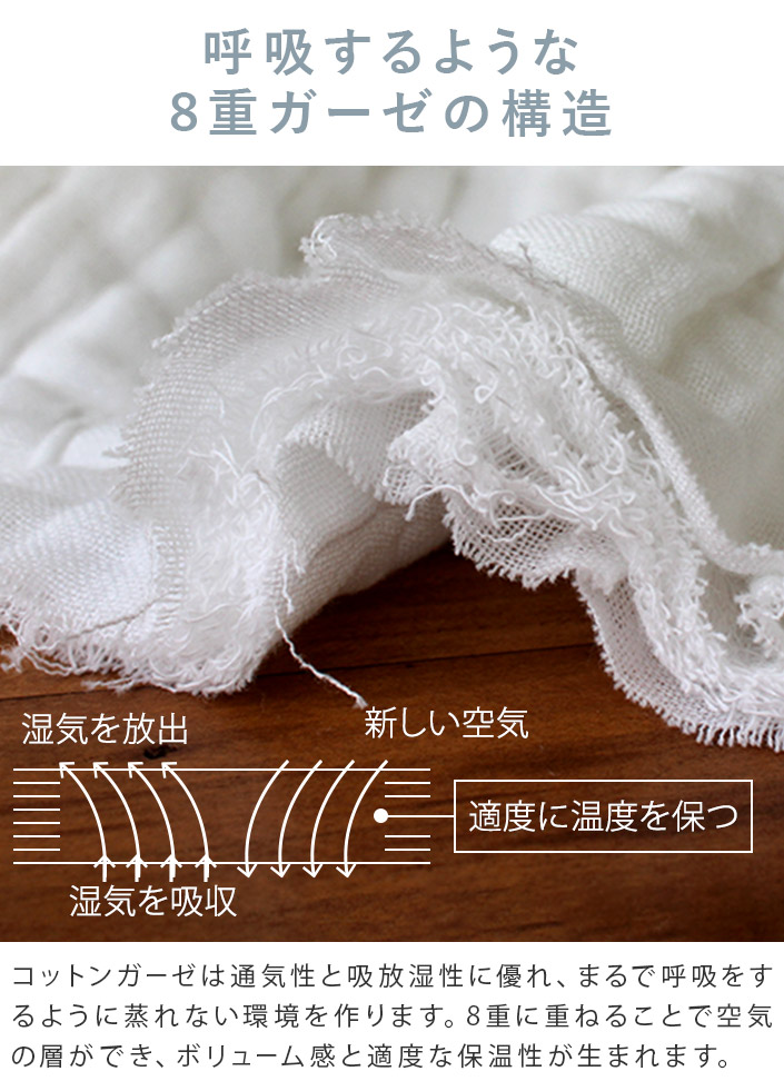 ガーゼが8重も重なってるから空気の層が生まれてふわふわ。
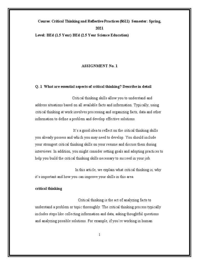 Q. 1 What are essential aspects of critical thinking? Describe in detail
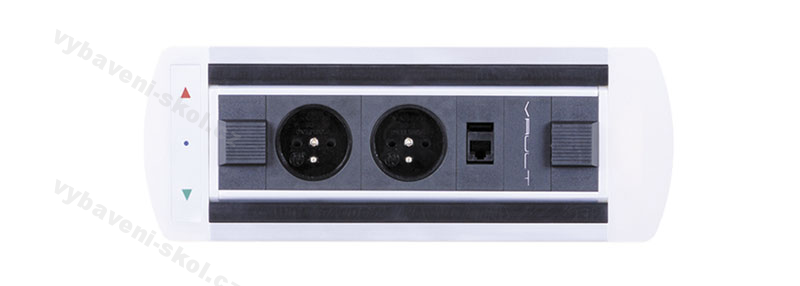 2 x elektrická zásuvka 220V, 1 x datová zástrčka kategorie 5E.
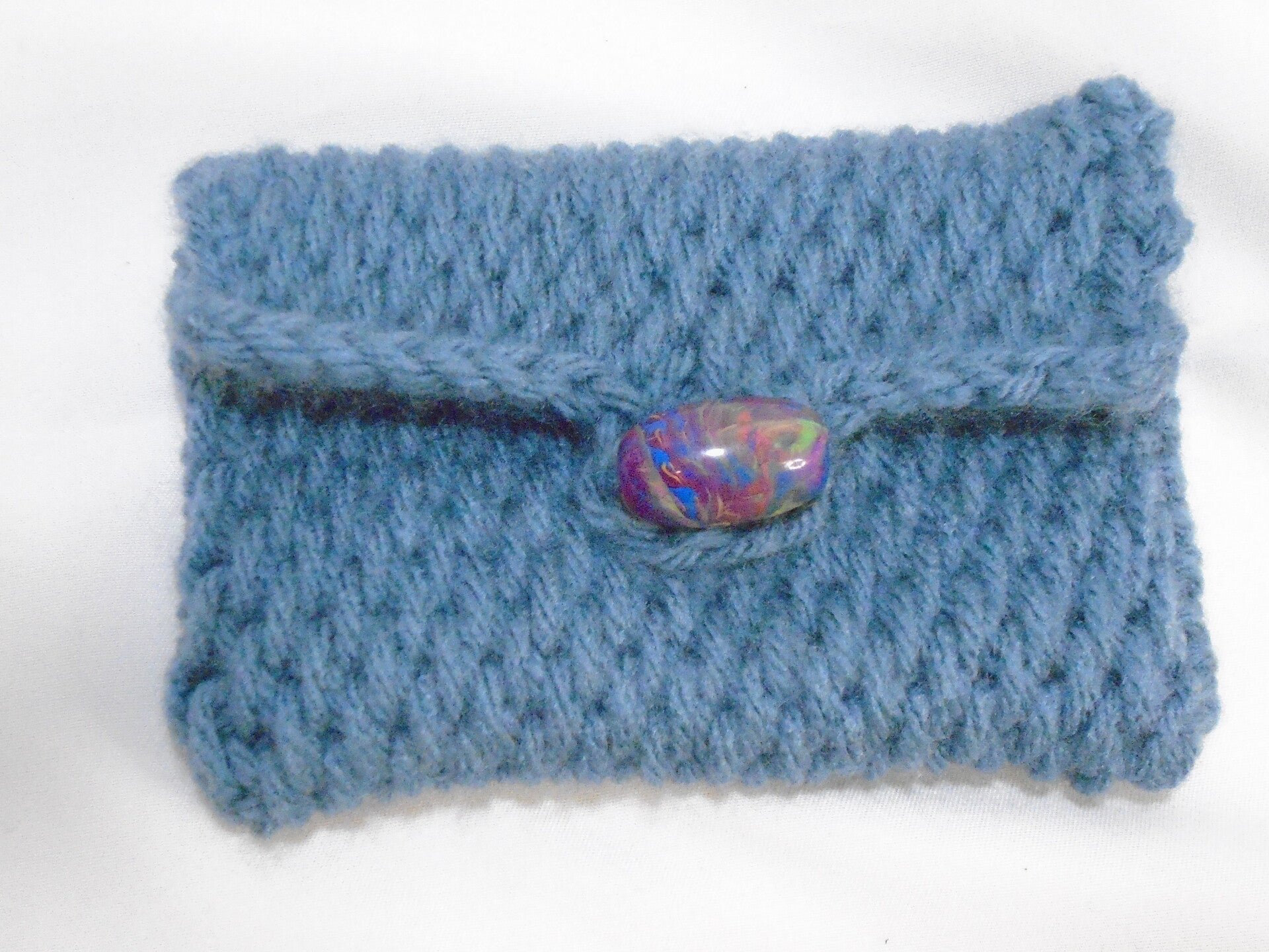 Tunisian crocheted blue wallet-sized pouch, swirly plastic bead. 100% acrylic. 4.75 x 3.25 x 1.25".
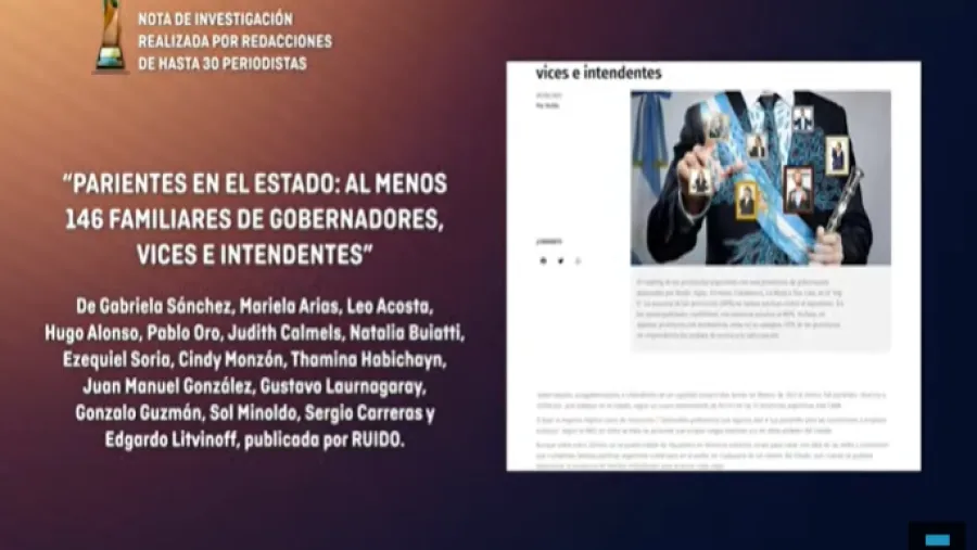 Entre los premiados en la categoría “Nota de Investigación publicada en medios con redacciones de hasta 30 periodistas”, resultó ganador el trabajo “Parientes en el Estado: al menos 146 familiares de gobernadores, vices e intendentes”, de Gabriela Sánchez, Mariela Arias, Leo Acosta, Hugo Alonso, Pablo Oro, Judith Calmels, Natalia Buiatti, Ezequiel Soria, Cindy Monzón, Thamina Habichayn, Juan Manuel González, Gustavo Laurnagaray, Gonzalo Guzmán, Sol Minoldo, Sergio Carreras y Edgardo Litvinoff, publicada por Ruido.
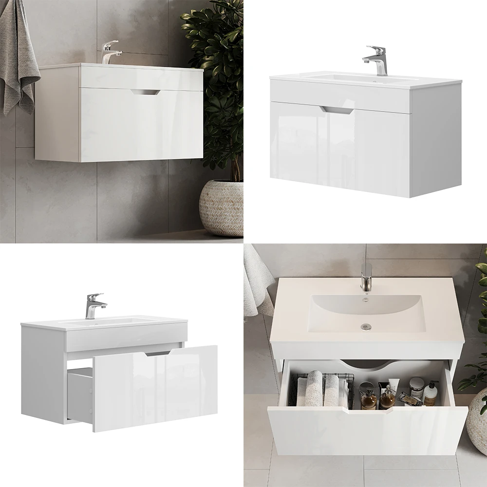 Die Schublade des Waschtischunterschranks ist mit einem hochwertigen „Häfele“-Soft-Close-Scharnier, für sanftes Öffnen und Schließen, ausgestattet. Die edle Hochglanzfront verleiht dem Badschrank eine elegante und moderne Optik. Das Waschbecken ist bereits im Lieferumfang enthalten, sodass Sie alles für Ihren Waschplatz komplett haben. Die pflegeleichte Oberfläche ermöglicht eine einfache Reinigung und langanhaltende Schönheit.
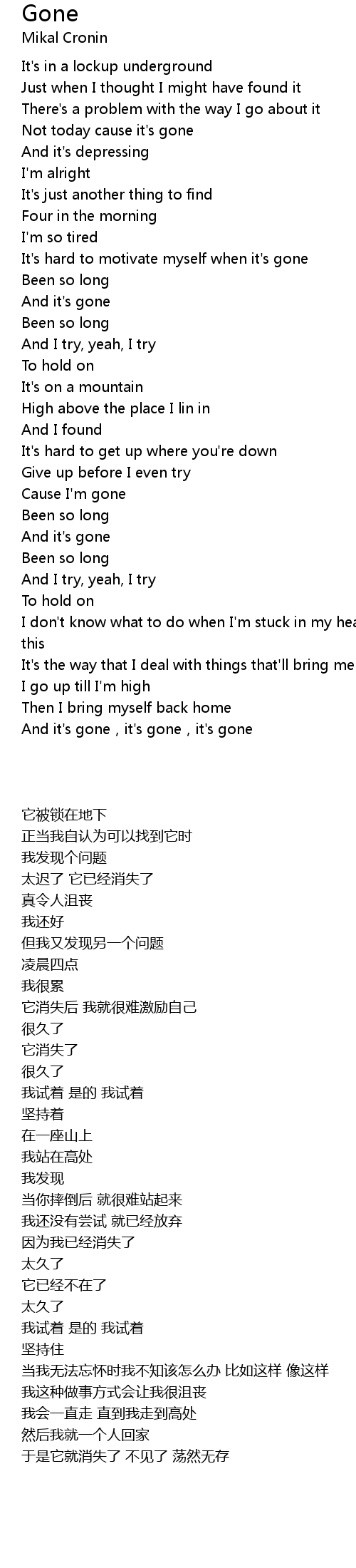 | [01:14.58] | It' s hard to motivate myself when it' s gone |
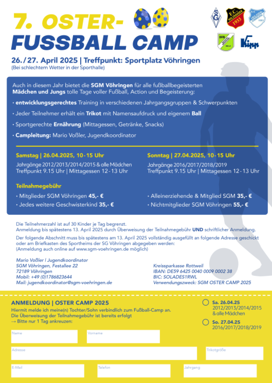 Interessenten melden sich mit einer kurzen Selbstauskunft und Rückrufnummer unter jugendkoordinator@sgm-voehringen.de
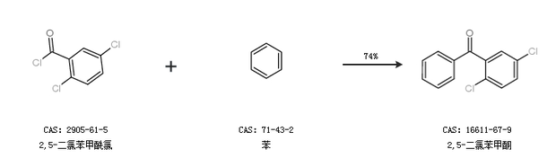 2.通过2,5-二氯苯甲酰氯和苯合成2,5-二氯苯甲酮,收率约74%;

=====

Task directions: What you return should be all of the material above, exactly, and none of its pictures.

Expected output:
 ガーゼが8重も重なってるから空気の層が生まれてふわふわ。
 Q. 1 What are essential aspects of critical thinking? Describe in detail
 2 x elektrická zásuvka 220V, 1 x datová zástrčka kategorie 5E.
 Tunisian crocheted blue wallet-sized pouch, swirly plastic bead. 100% acrylic. 4.75 x 3.25 x 1.25".
 Entre los premiados en la categoría “Nota de Investigación publicada en medios con redacciones de hasta 30 periodistas”, resultó ganador el trabajo “Parientes en el Estado: al menos 146 familiares de gobernadores, vices e intendentes”, de Gabriela Sánchez, Mariela Arias, Leo Acosta, Hugo Alonso, Pablo Oro, Judith Calmels, Natalia Buiatti, Ezequiel Soria, Cindy Monzón, Thamina Habichayn, Juan Manuel González, Gustavo Laurnagaray, Gonzalo Guzmán, Sol Minoldo, Sergio Carreras y Edgardo Litvinoff, publicada por Ruido.
 Die Schublade des Waschtischunterschranks ist mit einem hochwertigen „Häfele“-Soft-Close-Scharnier, für sanftes Öffnen und Schließen, ausgestattet. Die edle Hochglanzfront verleiht dem Badschrank eine elegante und moderne Optik. Das Waschbecken ist bereits im Lieferumfang enthalten, sodass Sie alles für Ihren Waschplatz komplett haben. Die pflegeleichte Oberfläche ermöglicht eine einfache Reinigung und langanhaltende Schönheit.
 | [01:14.58] | It' s hard to motivate myself when it' s gone |
 Interessenten melden sich mit einer kurzen Selbstauskunft und Rückrufnummer unter jugendkoordinator@sgm-voehringen.de
 2.通过2,5-二氯苯甲酰氯和苯合成2,5-二氯苯甲酮,收率约74%;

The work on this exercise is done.